Sabet and Chong [6] listed the leading practices of BIM as planning and scheduling, constructability assessment, 3-D model visualisation, clash detection, measurement and estimation, site management, safety management, and operation management—as last, but not the least.

Through these constructive practices, BIM has improved the construction industry from different perspectives, enabling stockholders to capture and process information within a project’s various stages. Information transformation optimises the project procedure, contributing to perfect completion [56].

Ismail et al. [50] declared that BIM is not precisely equal to big data. However, Bilal et al. [51] claimed that the application of BIM, along with other advanced techniques and devices for procuring data, aligns with big data’s mission to flourish within the industry of construction management.

(2) Augmented Reality (AR). AR is a technique by which captured images can be manipulated in the same way as they can in reality. In fact, the images can be linked to the real world, occupying the same spatial dimensions [57].

AR originated from virtual reality (VR), which partially but tangibly creates an environment wherein the operability of an object can be sensed and practised in real time to improve human understanding of it [58]. As the high-quality visualisation of details is very effective for reducing the complexity of information [51], it is claimed that the AR technique accords with big data’s objective to generate information for better decision-making [59]. For example, AR is capable of being paired with BIM to enable designers to apply more maintainable and sustainable principles to their designs. This point improves facility management at the building operation stage [60].

(3) VR. VR is a technique via which users can experience the real working environment before project completion. This technique offers an “interactive 3D graphic, user interfaces, and visual simulation” ([61], p. 25). It has been found to be very useful for improving safety. VR training significantly improves the efficiency and productivity of “stone cladding work and cast-in-situ concrete work,” saving the time that would be spent on conventional training [62]. Sacks et al. [62] stated that training via VR effectively attracts newcomers’ attention and produces concision. Messner et al. [63] believed that VR helps trainees to understand certain technical details better.
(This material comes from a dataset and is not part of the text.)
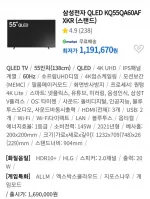 삼성 QLED 55인치 4K UHD 스마트 TV 모델명 KQ55QA60AFXKR 2021년 7월 제조 국내정품입니다. 삼성전자에서 액정 신품 교환해서, 2024년 12월 30일까지 무상패널 보증가능합니다. 전면, 베젤에 보호비닐 새것처럼 부착되어 있어요. 넷플릭스, 디즈니, 유투브, 왓챠, 티빙, 웨이브, 아이폰 미러링, TV PLUS 등 모두 지원됩니다 스탠드형(신품) , 벽걸이형 선택 가능합니다. 태양광 충전식 스마트 리모컨 포함입니다. 서울 강동구 성내동입니다. 가까운 지역은 배송해드립니다. QLED TV/55인치(138cm)/QLED/4K UHD/IPS패널계열/60Hz/슈프림UHD디밍/4K업스케일링/모션보간(MEMC)/필름메이커모드/화면반사방지/프로세서: 퀀텀4K Lite/스마트: 넷플릭스, 유튜브, 미러링, 음성인식, 삼성TV플러스/OS: 타이젠/사운드: 돌비디지털, 인공지능, 블루투스오디오, 사운드바동시출력/HDMI(전체): 3개/USB: 2개/Wi-Fi/Wi-Fi다이렉트/LAN/블루투스/옵티컬/에너지효율: 1등급/소비전력: 145W/2021년형/베사홀: 200x200mm/크기(가로x세로x깊이): 1232x709(748)x26(229)mm/스탠드너비: 904mm/ [화질음질] HDR10+/HLG/스피커: 2.0채널/출력: 20W/ [게임특화] ALLM/엑스박스클라우드/지포스나우/게임모드 / 출시가: 1,690,000원

The trainees sensibly address “construction sequences, temporary facility locations, trade coordination, safety issue identification, and design improvements for constructability” ([63], p. 1).
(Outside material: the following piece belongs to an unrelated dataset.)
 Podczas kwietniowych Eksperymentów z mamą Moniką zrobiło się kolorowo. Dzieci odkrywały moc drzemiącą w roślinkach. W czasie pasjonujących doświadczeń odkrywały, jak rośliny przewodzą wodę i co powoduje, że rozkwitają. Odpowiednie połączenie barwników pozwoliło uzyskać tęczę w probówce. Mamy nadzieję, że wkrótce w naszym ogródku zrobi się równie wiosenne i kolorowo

(4) Blockchain. Crosby et al. [64] defined Blockchain as a technique through which not only the databases of records but also all transactions or digital activities are recorded and distributed among stockholders. Once entered, data never can be removed. Crosby et al. ([65], p. 280) expressed four characteristics of the blockchain: (1) It is public, not owned by anybody, (2) it is decentral, not stored on one single computer but on many computers owned by different people across the world, (3) constantly synchronized to keep the transactions up to date, and (4) secured by cryptography to make it tamper proof and hacker proof.

Turk and Klinc [66] found blockchains to be capable of improving the construction industry by overcoming lost data and manipulating issues within the life-cycles of projects. “Smart construction relies on BIM for manipulating information flow, data flow, and management flow” ([67], p. 1), which the blockchain can address. The processes of unifying data, maintaining verifiable records, and keeping data permanently available make the blockchain relevant to both financial and nonfinancial schemes [64]. When it comes to the field of construction, the application of a blockchain to a smart contract is a bold move [67]. A blockchain can keep an accurate visible history of the actions users have taken across the network [68], thereby supporting the smart contract to be secured. All provisions and protocols can be permanently available in a chained structure, with no opportunity of change [66]. In such a situation, not only can all regulations be supervised, but the duties of users can also be tracked.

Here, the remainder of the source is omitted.